■ **Directions for this task**: Each line of the material must be reproduced exactly; pictures stay out.

■ **Supplied information**:

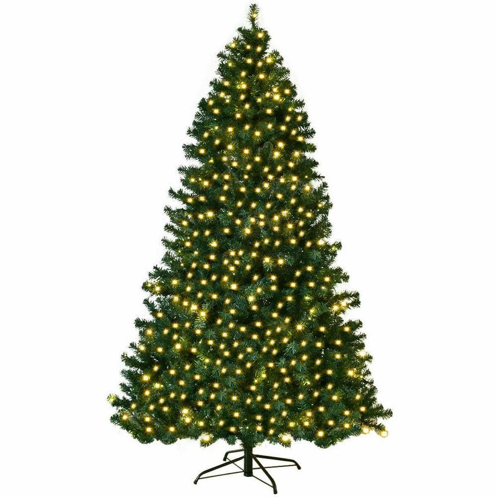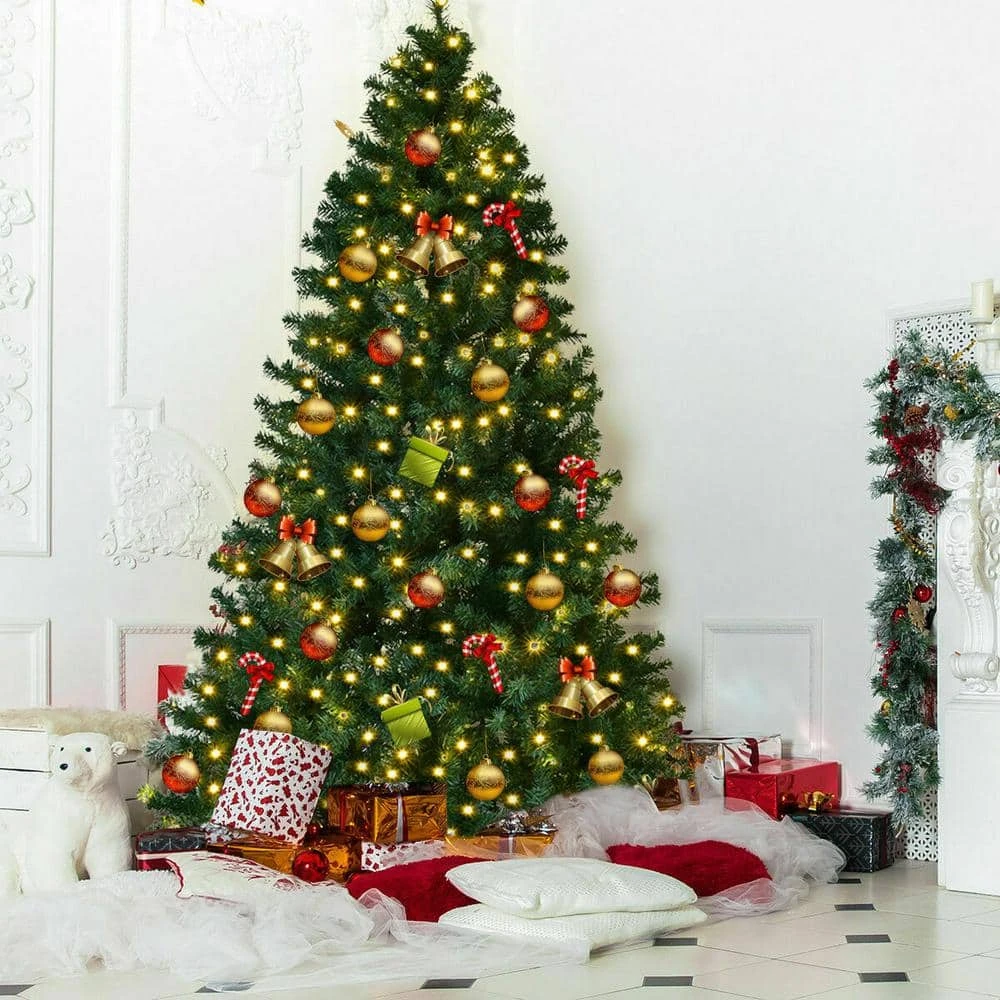 Our brand new 7.5 ft. Artificial Christmas tree is an ideal Christmas trimmings. It features simple green color, 1346 branch tips design to help emulate a real Christmas tree. The tree is made of fade and crush resistant PVC needles, appears fresh-cut. In addition the staggered branches give the tree a fuller profile. High density iron bases to keep the tree planted in an upright position. The pre-installed 400 LED lights provide a warm white lighting effects, add a fantastic festive atmosphere to your home. Our trees are in great quality, making it your best choice. Don’t hesitate to buy it.
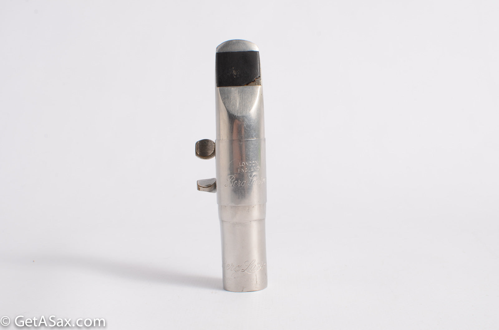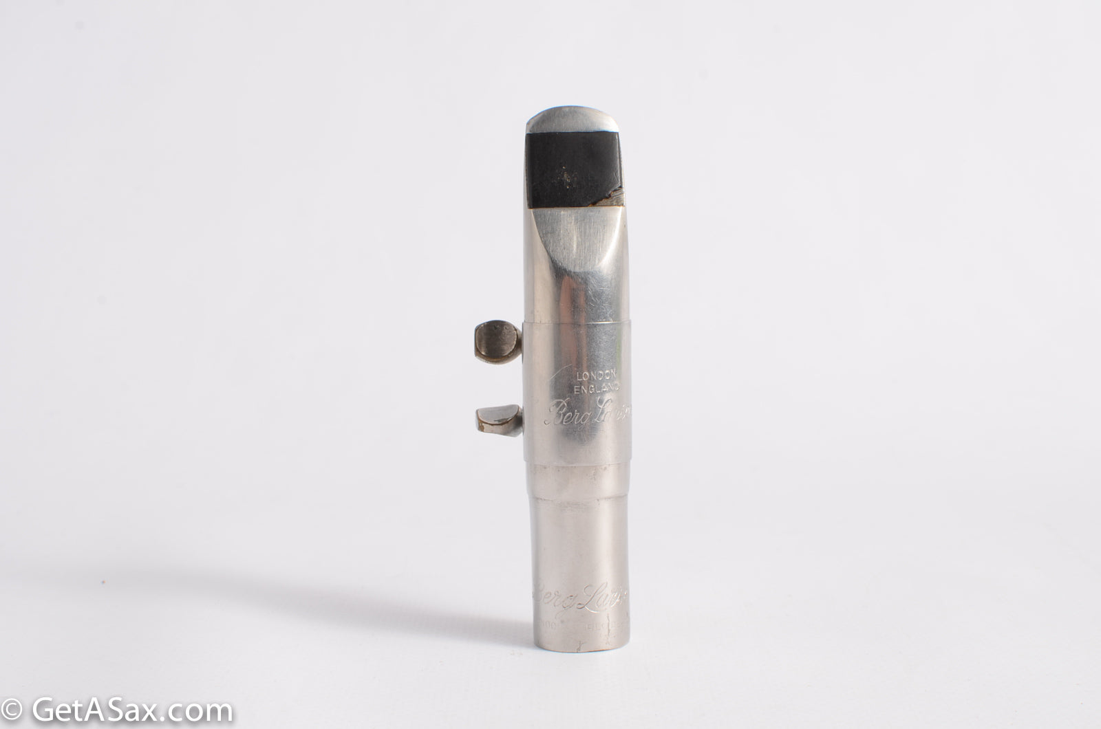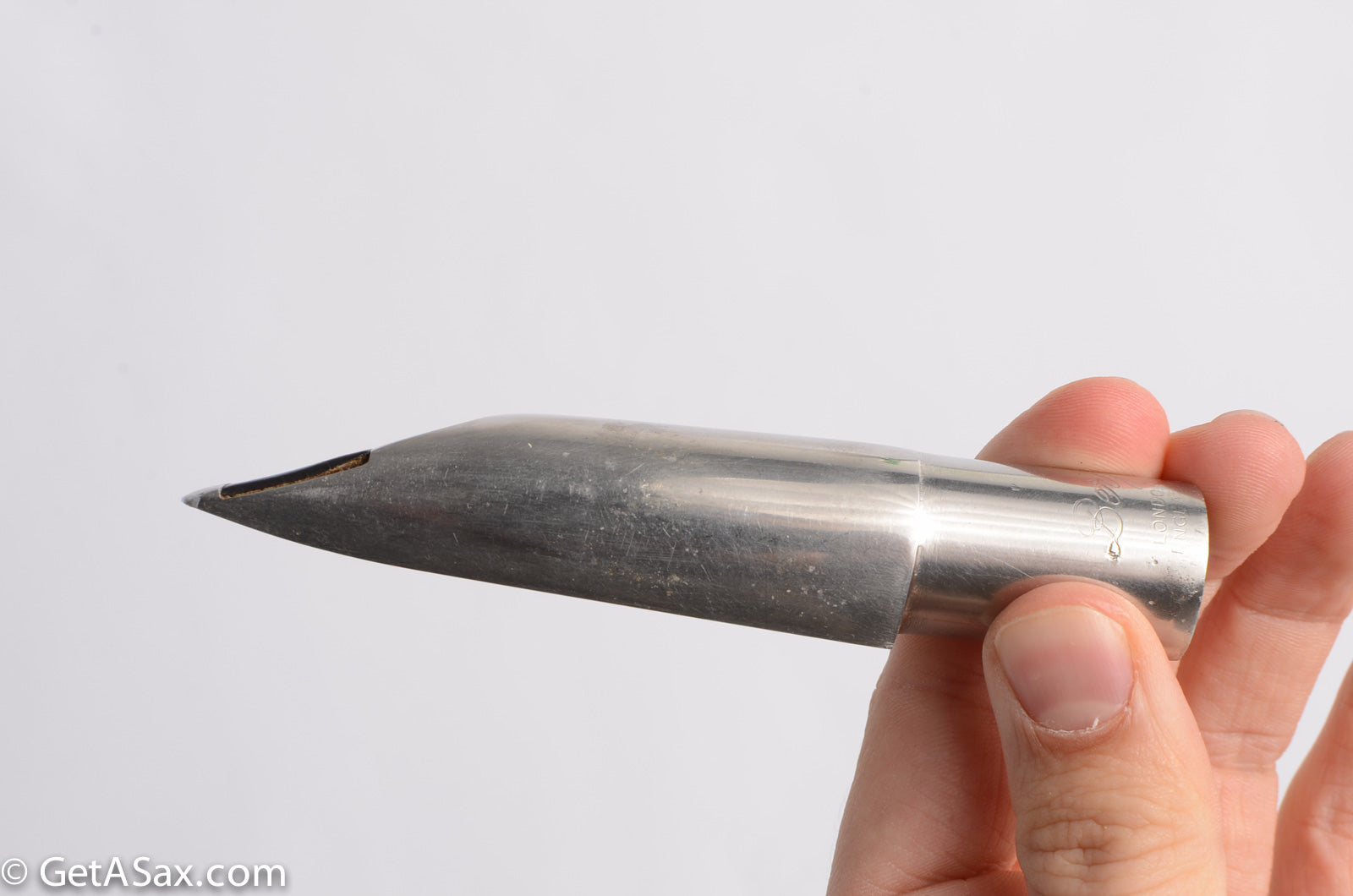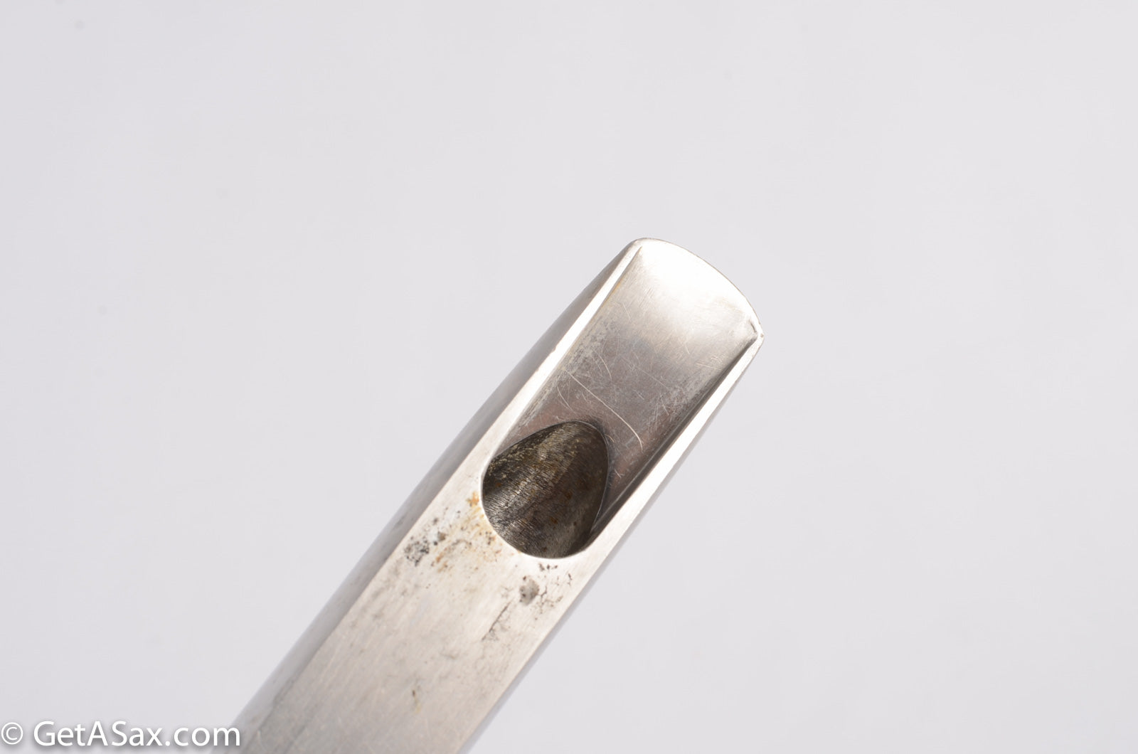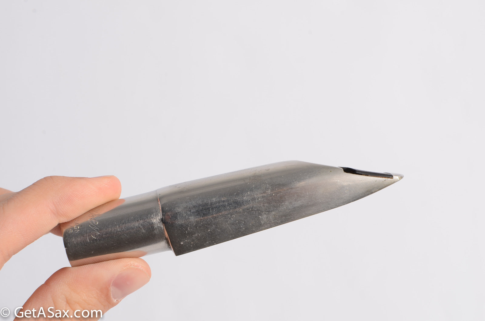This is a discounted Berg Larsen tenor mouthpiece that plays pretty well as-is, but would look better with a reface. It looks like someone rubbed the table with steel wool to clean it up, and also one corner of the beak has kind of a ding on it. Getting it refaced would correct both of those. Or you could just play it. This piece measures .109" so it's pretty close to the 110 stamp. The baffle is the 0 version, which is highest, and has the brightest tone. The bullet chamber has the finishing marks inside showing still.
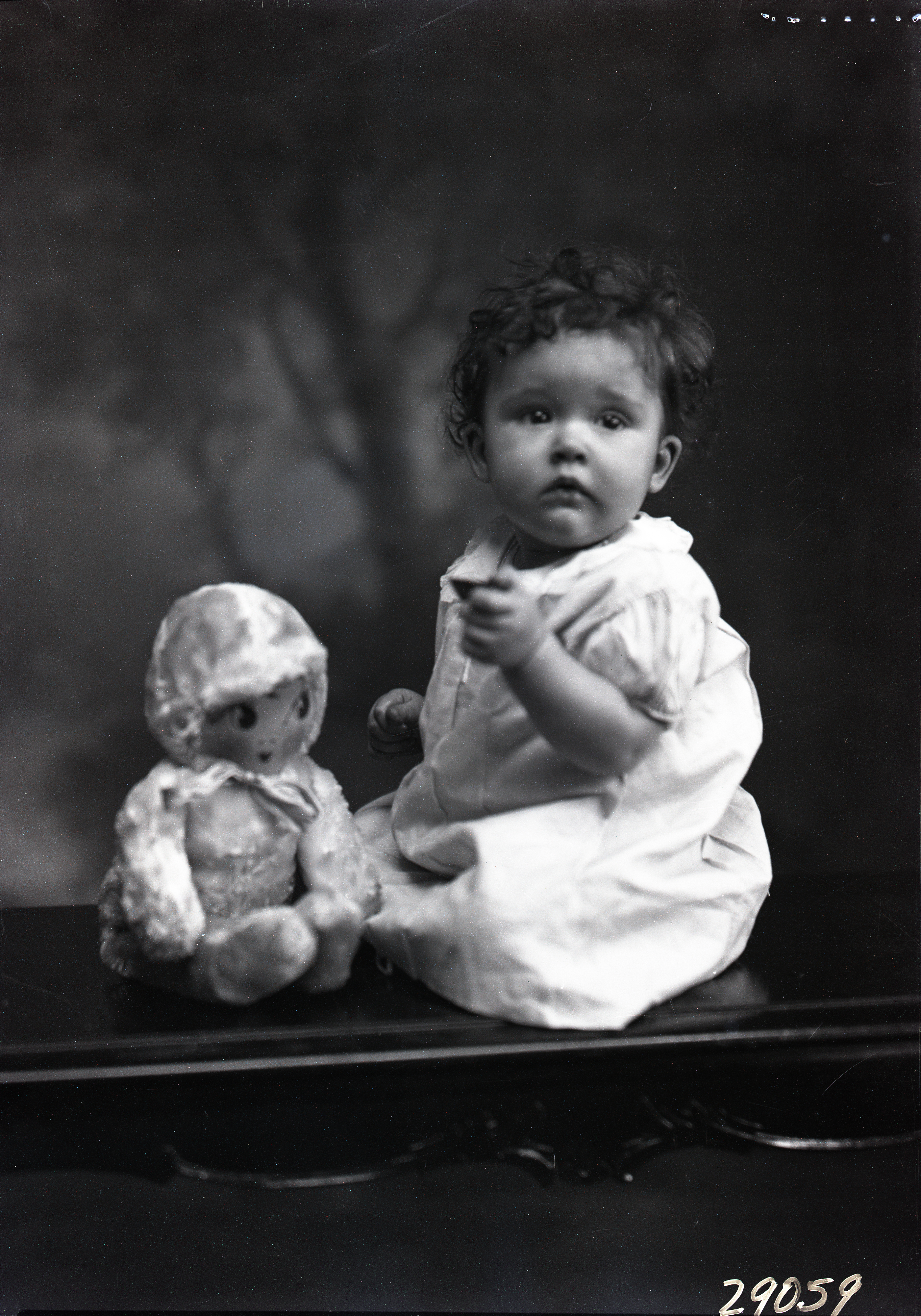 Unidentified young child with dark hair is seated on a bench beside a doll.

■ **Task output**:
 Our brand new 7.5 ft. Artificial Christmas tree is an ideal Christmas trimmings. It features simple green color, 1346 branch tips design to help emulate a real Christmas tree. The tree is made of fade and crush resistant PVC needles, appears fresh-cut. In addition the staggered branches give the tree a fuller profile. High density iron bases to keep the tree planted in an upright position. The pre-installed 400 LED lights provide a warm white lighting effects, add a fantastic festive atmosphere to your home. Our trees are in great quality, making it your best choice. Don’t hesitate to buy it.
This is a discounted Berg Larsen tenor mouthpiece that plays pretty well as-is, but would look better with a reface. It looks like someone rubbed the table with steel wool to clean it up, and also one corner of the beak has kind of a ding on it. Getting it refaced would correct both of those. Or you could just play it. This piece measures .109" so it's pretty close to the 110 stamp. The baffle is the 0 version, which is highest, and has the brightest tone. The bullet chamber has the finishing marks inside showing still.
 Unidentified young child with dark hair is seated on a bench beside a doll.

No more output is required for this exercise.